=== PROBLEM ===
Beginning at the line that contains "14,688 | 100.0% |", reproduce the entries below exactly, ending with the line that contains "Belleğin yıkımı, zaman, mekan". Omit each picture.
------ RECORDS SHOWN
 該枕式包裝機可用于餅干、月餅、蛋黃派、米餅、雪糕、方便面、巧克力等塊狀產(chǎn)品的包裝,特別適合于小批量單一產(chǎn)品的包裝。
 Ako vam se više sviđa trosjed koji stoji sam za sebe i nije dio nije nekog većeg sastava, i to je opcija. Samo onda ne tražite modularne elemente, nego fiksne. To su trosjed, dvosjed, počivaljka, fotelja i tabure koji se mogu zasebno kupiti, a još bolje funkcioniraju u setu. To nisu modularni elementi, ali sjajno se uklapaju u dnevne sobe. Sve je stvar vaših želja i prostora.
------------
------ RECORDS SHOWN
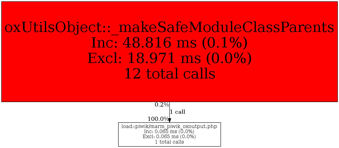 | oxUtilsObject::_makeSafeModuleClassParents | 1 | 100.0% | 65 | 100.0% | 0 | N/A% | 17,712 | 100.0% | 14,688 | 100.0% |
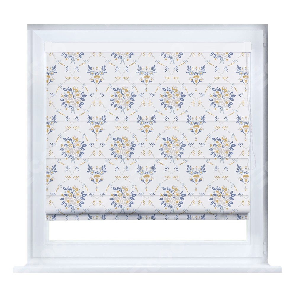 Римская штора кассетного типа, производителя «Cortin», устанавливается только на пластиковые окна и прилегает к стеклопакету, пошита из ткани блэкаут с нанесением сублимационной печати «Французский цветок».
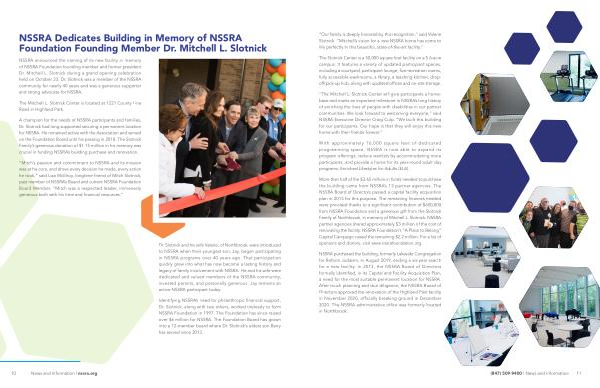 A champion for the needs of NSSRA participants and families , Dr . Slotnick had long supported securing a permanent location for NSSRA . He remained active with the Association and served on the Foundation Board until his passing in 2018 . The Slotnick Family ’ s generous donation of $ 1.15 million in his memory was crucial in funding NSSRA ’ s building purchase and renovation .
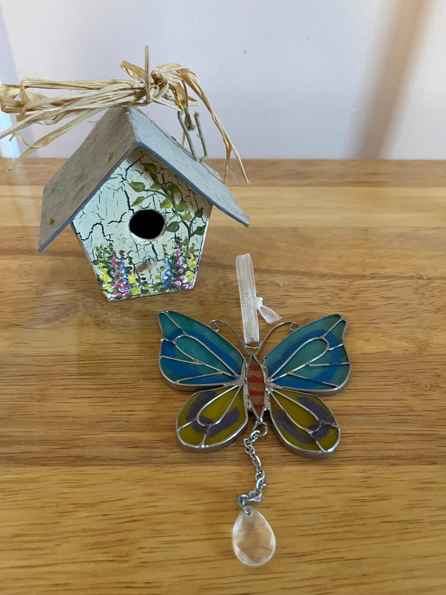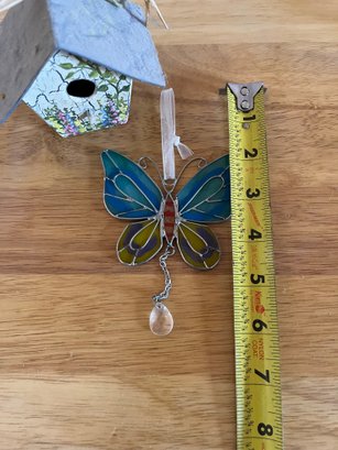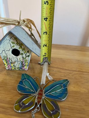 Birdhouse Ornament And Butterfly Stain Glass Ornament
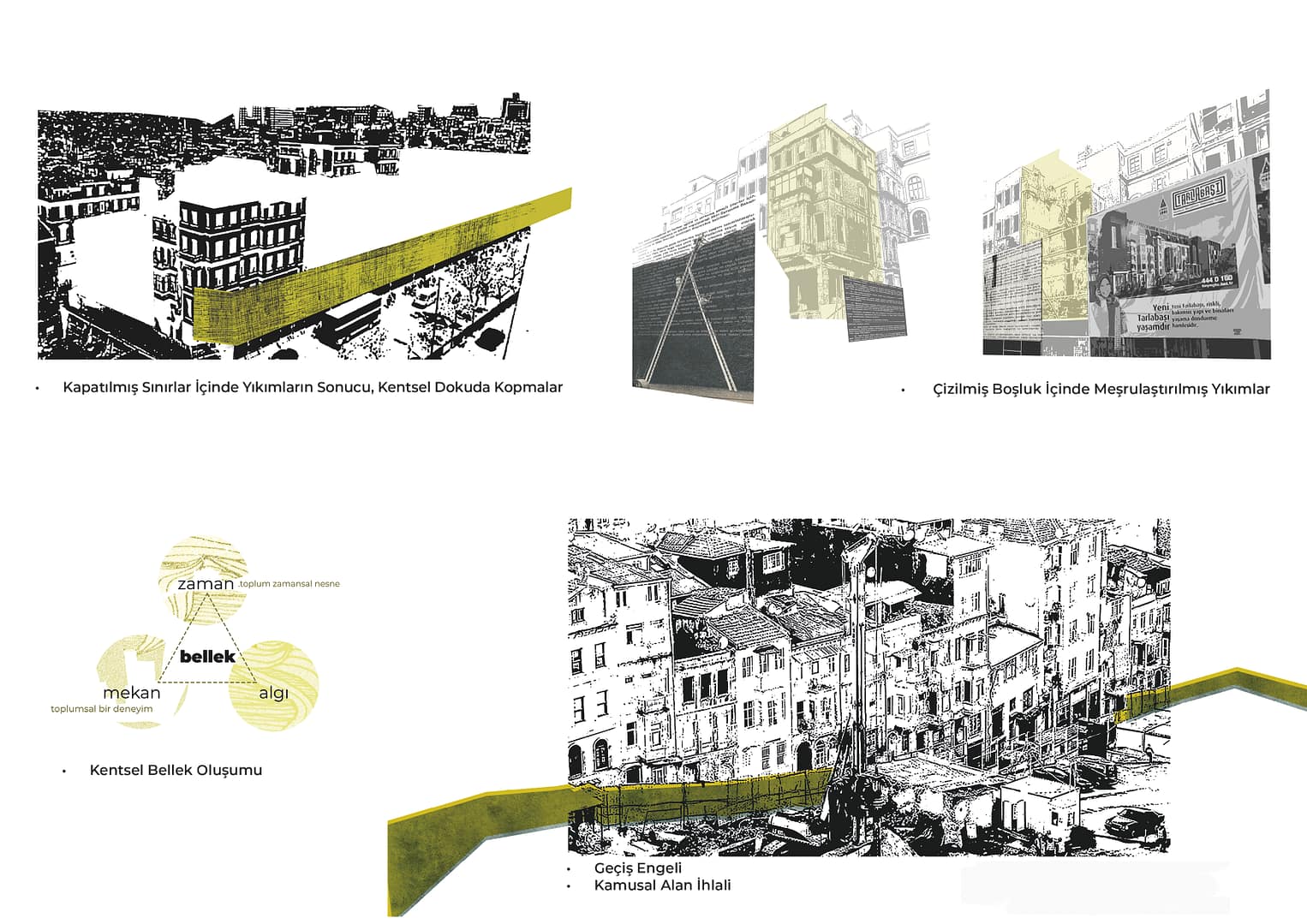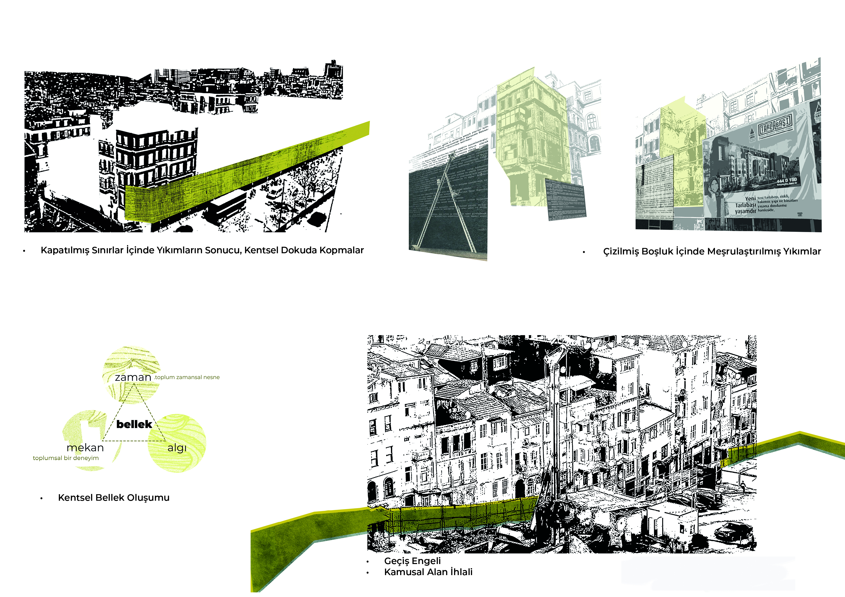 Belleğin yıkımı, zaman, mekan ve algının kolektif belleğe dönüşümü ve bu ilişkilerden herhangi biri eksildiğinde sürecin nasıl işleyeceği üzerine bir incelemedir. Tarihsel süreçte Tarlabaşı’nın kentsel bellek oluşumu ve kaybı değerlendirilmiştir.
------------
=== COMPLETED TASK ===
 | oxUtilsObject::_makeSafeModuleClassParents | 1 | 100.0% | 65 | 100.0% | 0 | N/A% | 17,712 | 100.0% | 14,688 | 100.0% |
 Римская штора кассетного типа, производителя «Cortin», устанавливается только на пластиковые окна и прилегает к стеклопакету, пошита из ткани блэкаут с нанесением сублимационной печати «Французский цветок».
 A champion for the needs of NSSRA participants and families , Dr . Slotnick had long supported securing a permanent location for NSSRA . He remained active with the Association and served on the Foundation Board until his passing in 2018 . The Slotnick Family ’ s generous donation of $ 1.15 million in his memory was crucial in funding NSSRA ’ s building purchase and renovation .
 Birdhouse Ornament And Butterfly Stain Glass Ornament
 Belleğin yıkımı, zaman, mekan ve algının kolektif belleğe dönüşümü ve bu ilişkilerden herhangi biri eksildiğinde sürecin nasıl işleyeceği üzerine bir incelemedir. Tarihsel süreçte Tarlabaşı’nın kentsel bellek oluşumu ve kaybı değerlendirilmiştir.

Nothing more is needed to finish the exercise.